# Question for Enfig...Ipod Interface with Blaupunk HU?



## jamesn67 (Nov 15, 2001)

What do you recommend for Ipod interface to a Blaupunk head unit
(Casablanca CD52)?
Seems the Blaupunkt connector gets bad reviews. Is the Ice LInk Plus still available? Are there any other options? Just an aux connector I suppose? 
Thanks!


----------



## jamesn67 (Nov 15, 2001)

*Re: Question for Enfig...Ipod Interface with Blaupunk HU? (jamesn67)*

http://****************.com/smile/emthup.gif


----------



## [email protected] (Feb 20, 2002)

*Re: Question for Enfig...Ipod Interface with Blaupunk HU? (jamesn67)*

I have a blaupunkt iPod adapter that just gets charging and direct audio but all controls are from the iPod non from the radio.


----------



## jamesn67 (Nov 15, 2001)

*Re: Question for Enfig...Ipod Interface with Blaupunk HU? ([email protected])*

Ok, so the ice link isn't available in the US anymore then?


----------



## [email protected] (Jan 26, 2006)

*Re: Question for Enfig...Ipod Interface with Blaupunk HU? (jamesn67)*


_Quote, originally posted by *jamesn67* »_Ok, so the ice link isn't available in the US anymore then?

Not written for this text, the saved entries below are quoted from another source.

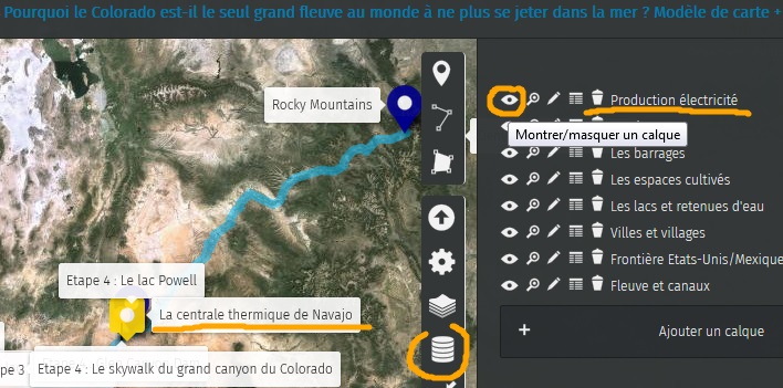 A noter : l'interface d'uMap permet l'utilisation de calques dans lesquels s'intègrent les repères et que l'on peut faire apparaitre en temps voulu.
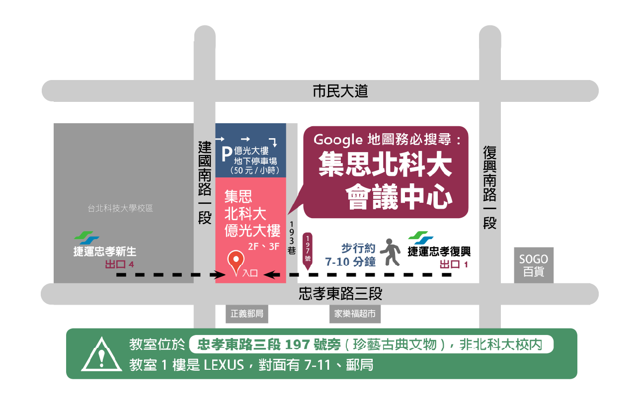 (台北市大安區忠孝東路三段197號旁,非北科大校內,Lexus汽車樓上)
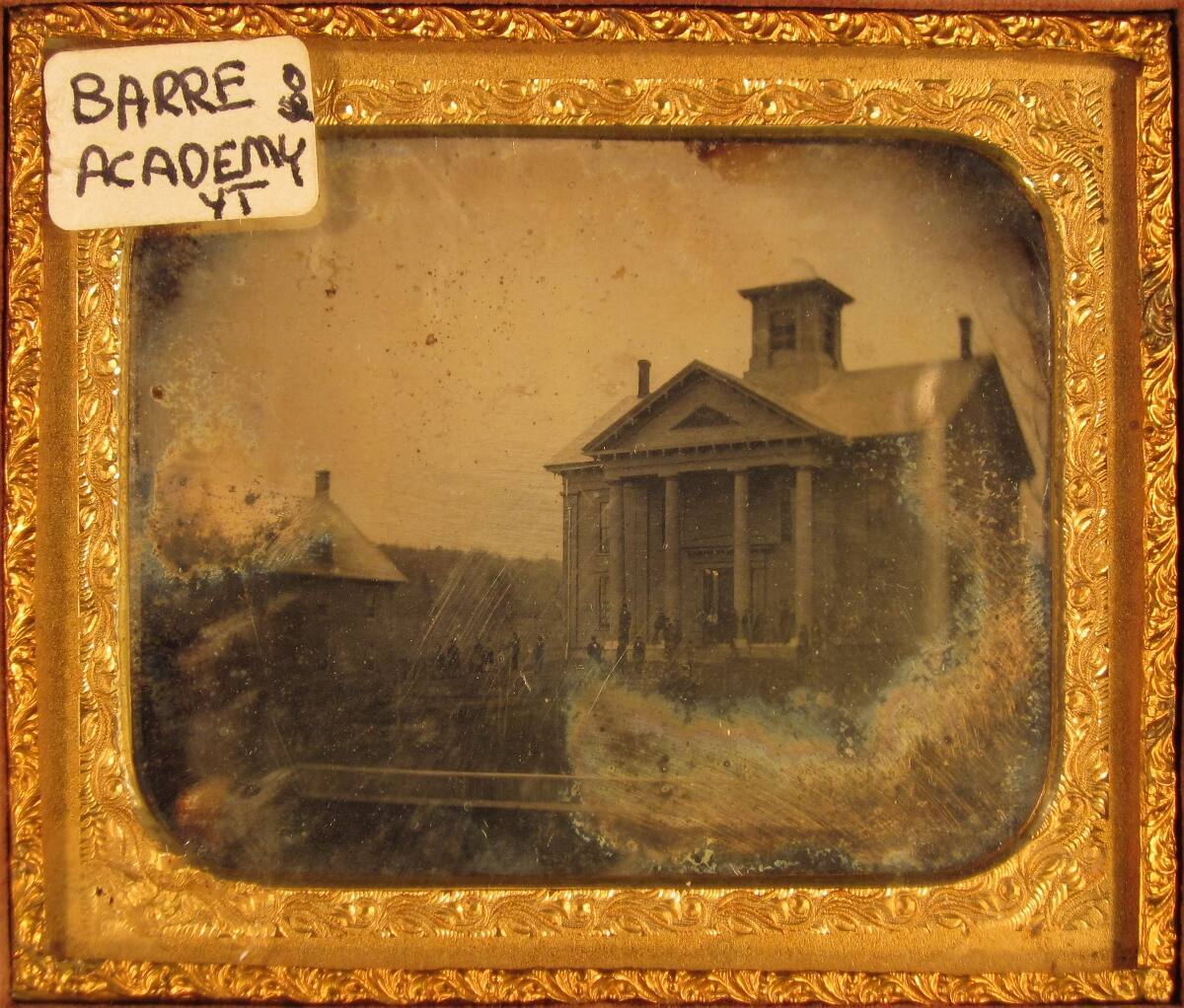 Description1/6 plate daguerreotype of an outdoor view of Barre Academy in Vermont. Housed in a leather half case (missing top).
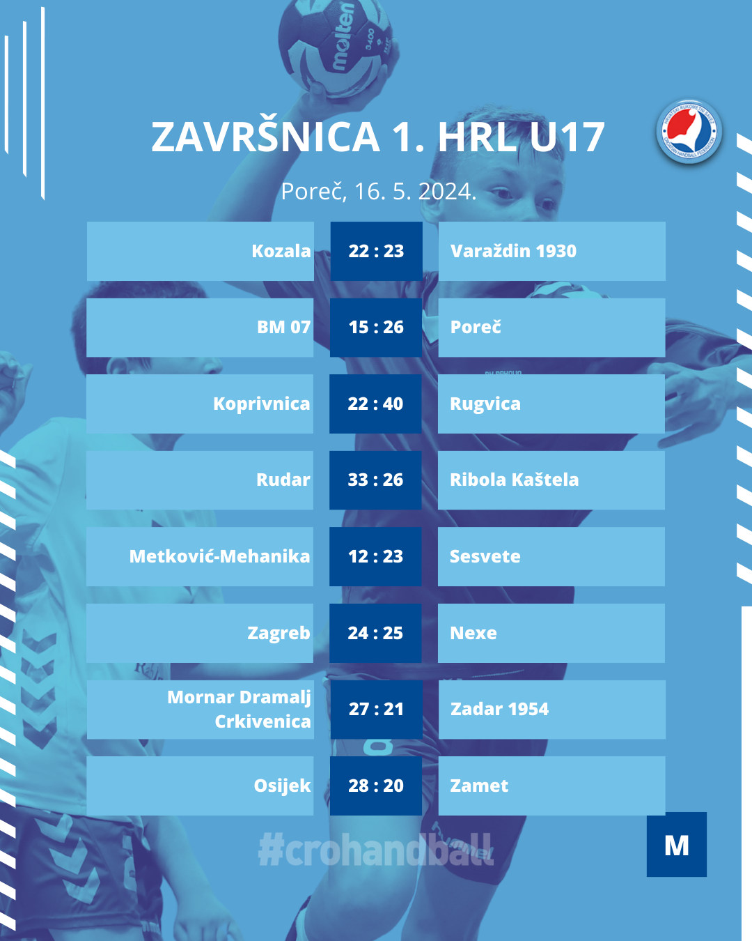 Sve fotografije drugog dana Završnice mogu se pronaći na Photodecku HRS-a, a utakmice četvrtfinala i borbe za plasman od 9. do 16. mjesta mogu se uživo pratiti na YouTube kanalu HRS-a.
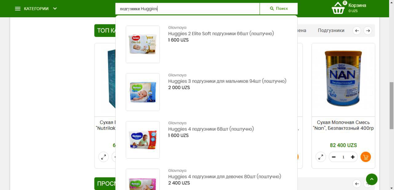 Наш онлайн сервис предоставляет легкую процедуру оформления заказа. У нас представлено более 3500 наименований товаров, которые расположены по категориям, таким как мясные продукты, фрукты, овощи, бакалея, товары для дома и другие. Вам нужно выбрать нужный товар, нажать кнопку «в корзину». Если из-за широкого ассортимента товаров, вы не можете найти нужный продукт, то можно найти его при помощи строки поиска или фильтра. В строке поиска нужно вписать название продукции, после чего он выдаст вам результаты.
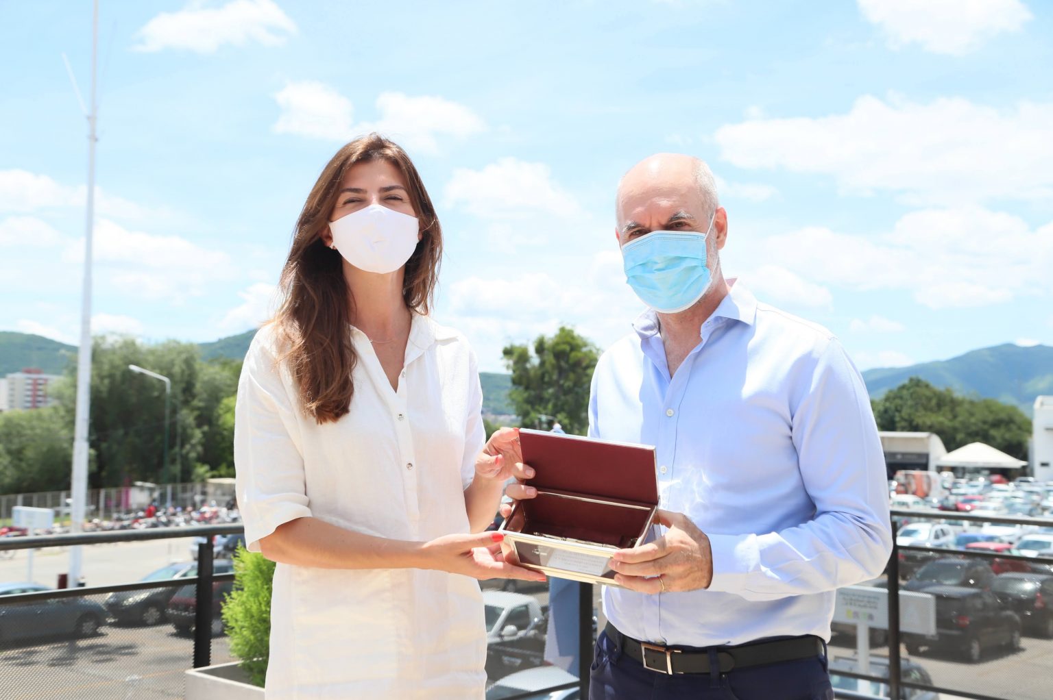 La intendenta de Salta, Bettina Romero, recibió al jefe de Gobierno de la ciudad de Buenos Aires, Horacio Rodríguez Larreta, y le hizo entrega simbólica de la llave de la ciudad en agradecimiento por su visita.
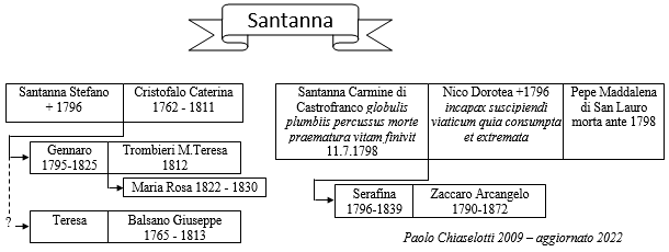 Il cognome Santanna, scritto anche S.Anna, compare agli inizi dell'Ottocento con un piccolo nucleo familiare conseguente al matrimonio di Gennaro Santanna con Maria Teresa Trombieri e la nascita della loro unica figlia Rosa avvenuta nel 1822.
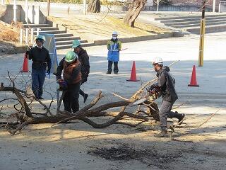 柏中は1万2千坪の広い敷地にたくさんの樹木がありますが,老木も多く立ち枯れているものは倒木の危険もあることから思い切って伐採することにしました。また,多行松は久しぶりに剪定をして清々しい姿になりました。
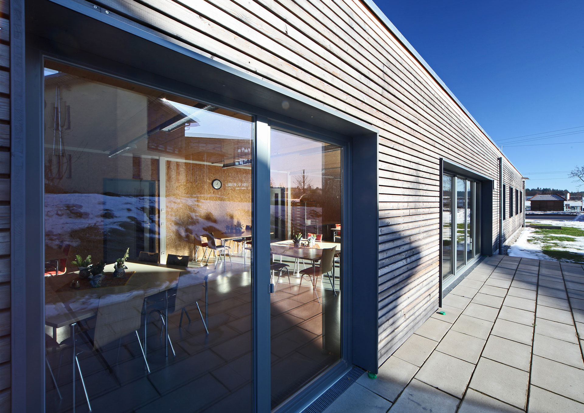 Projektbeschrieb: Das Büro- und Laborgebäude besteht aus zwei Riegeln. Diese werden im Erdgeschoss über ein kleines Foyer miteinander verbunden. Während der eine, 6-geschossige Gebäudeteil überwiegend Büroflächen beinhaltet, sind im zweiten 5-geschossigen Riegel Laborflächen vorhanden. Das Motiv der langgezogenen Bandfassaden wird aufgegriffen, wobei die Elementfassade aus Aluminium spielerisch gebrochen wird.
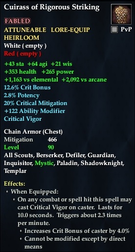 Cuirass of Rigorous Striking 76,461 pages on this wiki Edit Edit source History Talk 0 In-Game Examine Window Cuirass of Rigorous Striking other resources EQ2U · LootDB · EQ2LL · ZAM · Census xml Cuirass of Rigorous Striking FABLED ATTUNABLE LORE-EQUIP HEIRLOOM +64 agi +21 wis +43 sta +1,163 vs elemental +2,092 vs arcane 12.6% Crit Bonus 2.8% Potency Critical Vigor Chain Armor ( Chest ) Mitigation 466 Level 90 ( Tier 10 ) All Scouts , Berserker , Guardian , Paladin , Shadowknight , Inquisitor , Templar , Defiler , Mystic Effects: When Equipped: On a combat hit this spell may cast Critical Vigor on caster. Lasts for 10.0 seconds. Trigers about 2.0 times per minute. Increases Crit Bonus of caster by 3.0% Cannot be modified except by direct means
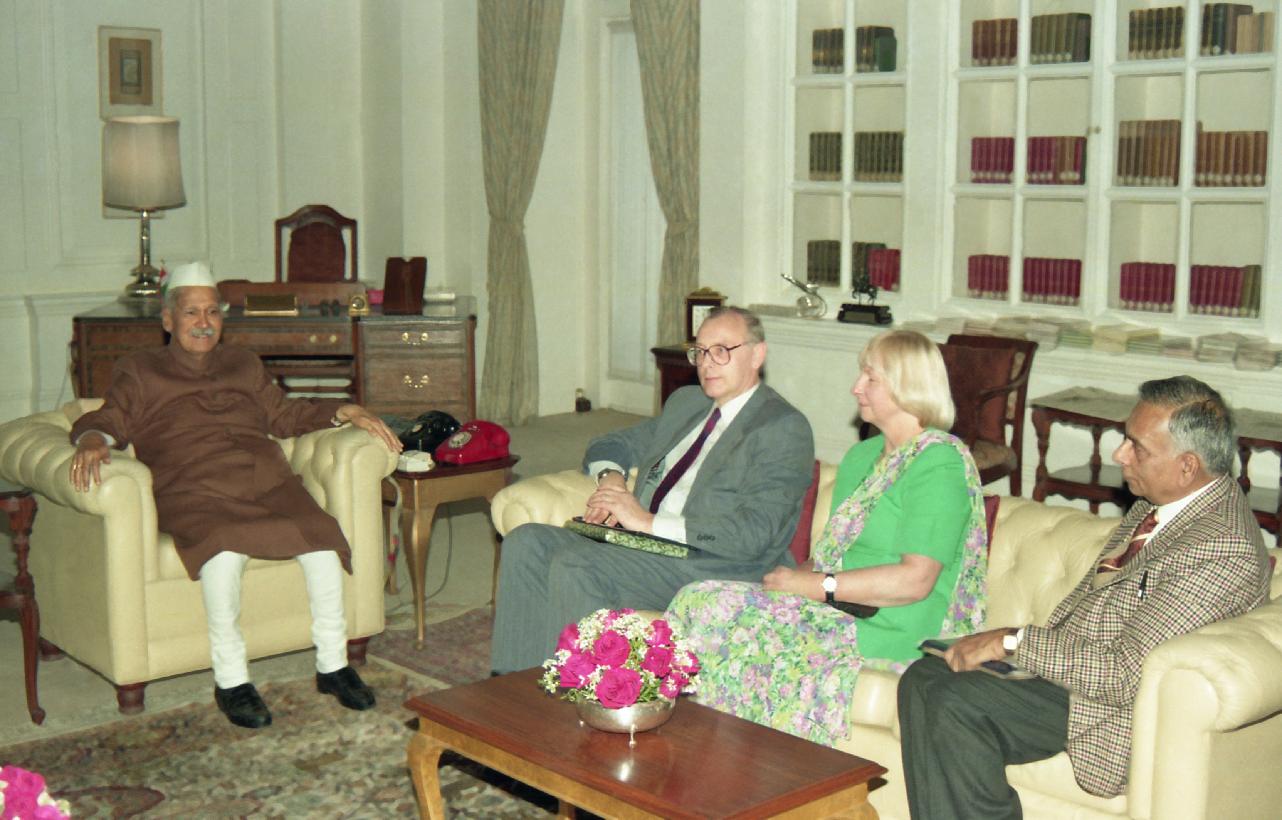 | Caption: | The President of India, Dr. Shankar Dayal Sharma meeting with Dr. Michael Halstead, Chief Executive & Secretary General of the University of Cambridge Local Examinations Syndicate with others at Rashtrapati Bhavan in New Delhi on February 07, 1995. |
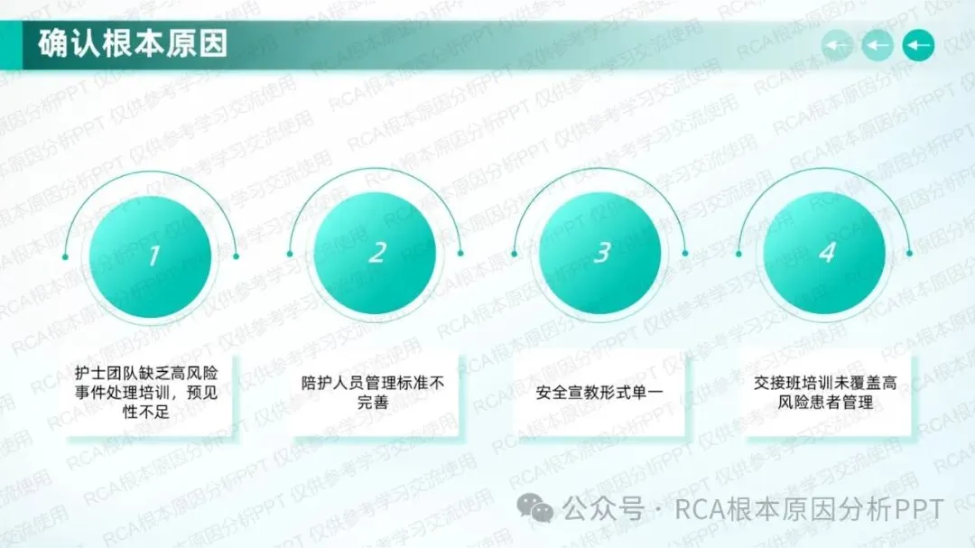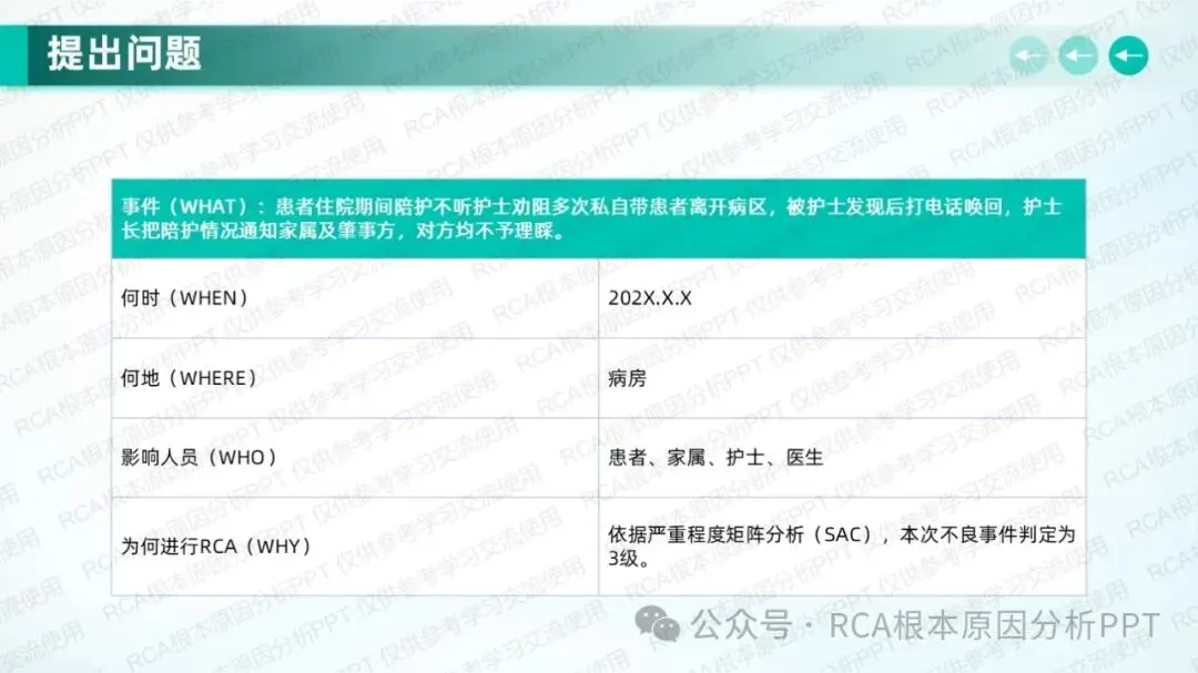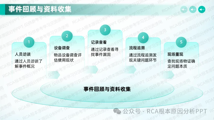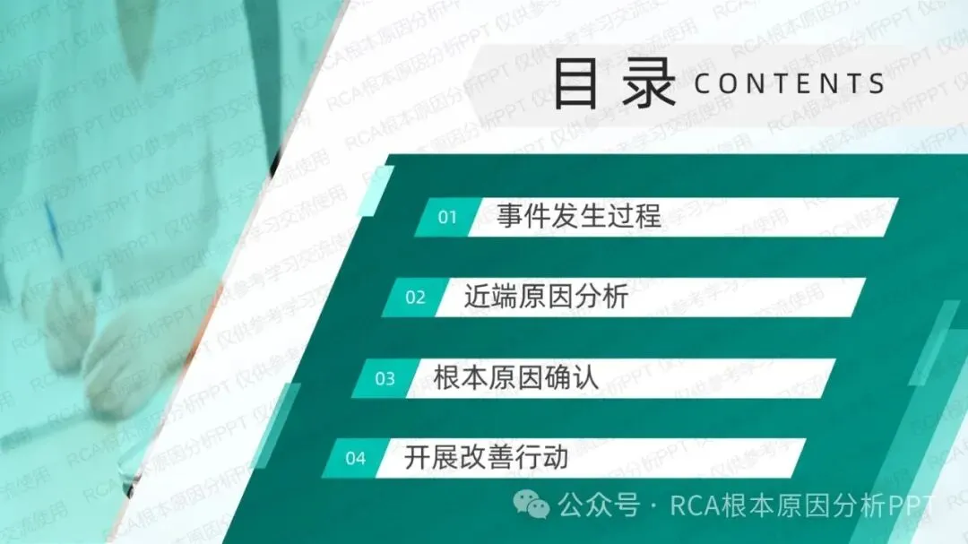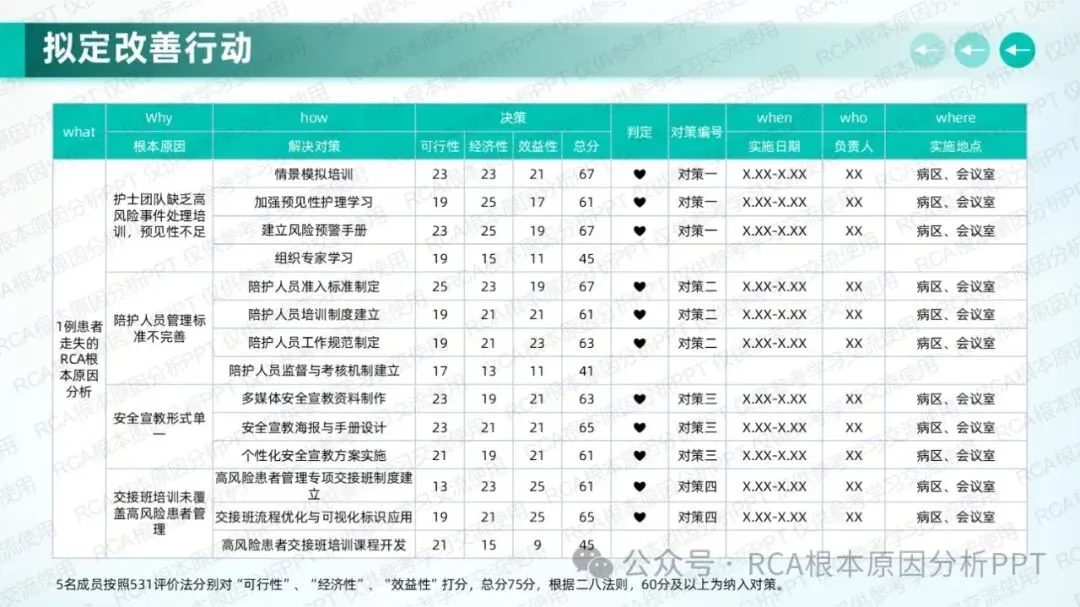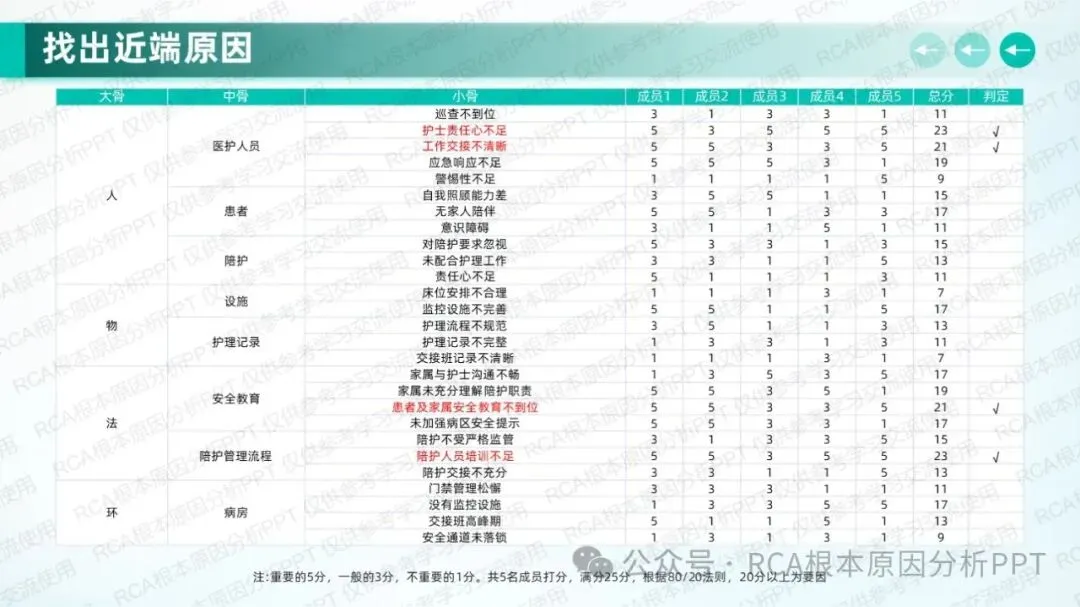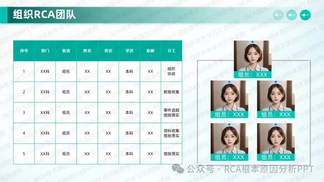 五名来自不同科室的成员组成RCA团队,每人都具备必要的RCA知识和方法,他们将共同努力达成团队的目标,并通过相互学习和激励来推动问题解决。

correct, DICE electronics has replaced the Dension products in the US, however they do not support Blaupunkt


----------



## jamesn67 (Nov 15, 2001)

*Re: Question for Enfig...Ipod Interface with Blaupunk HU? ([email protected])*

Ahh, that s*cks! Thanks.
So really the only Aux. connection choice is the blaupunkt unit then?


----------



## [email protected] (Jan 26, 2006)

*Re: Question for Enfig...Ipod Interface with Blaupunk HU? (jamesn67)*


_Quote, originally posted by *jamesn67* »_Ahh, that s*cks! Thanks.
So really the only Aux. connection choice is the blaupunkt unit then?

we've got a really nice solution for your headunit, it plugs into the aux port and connects to the dock connector of your ipod, it will also charge you ipod for you, unfortunatly its a new product and not currently on our site call us @ 201 490 5015
I personaly installed on in my buddies mk3 with a blaupunkt headunit and he's really happy with it


----------



## jamesn67 (Nov 15, 2001)

*Re: Question for Enfig...Ipod Interface with Blaupunk HU? ([email protected])*

I'll give you a call. Thanks!


----------



## jamesn67 (Nov 15, 2001)

*Re: Question for Enfig...Ipod Interface with Blaupunk HU? (jamesn67)*

FYI,
Blaupunkt just released a connector that goes from the aux/CD changer input to the Ipod. Control remains with the Ipod. It also
charges the Ipod as well.


----------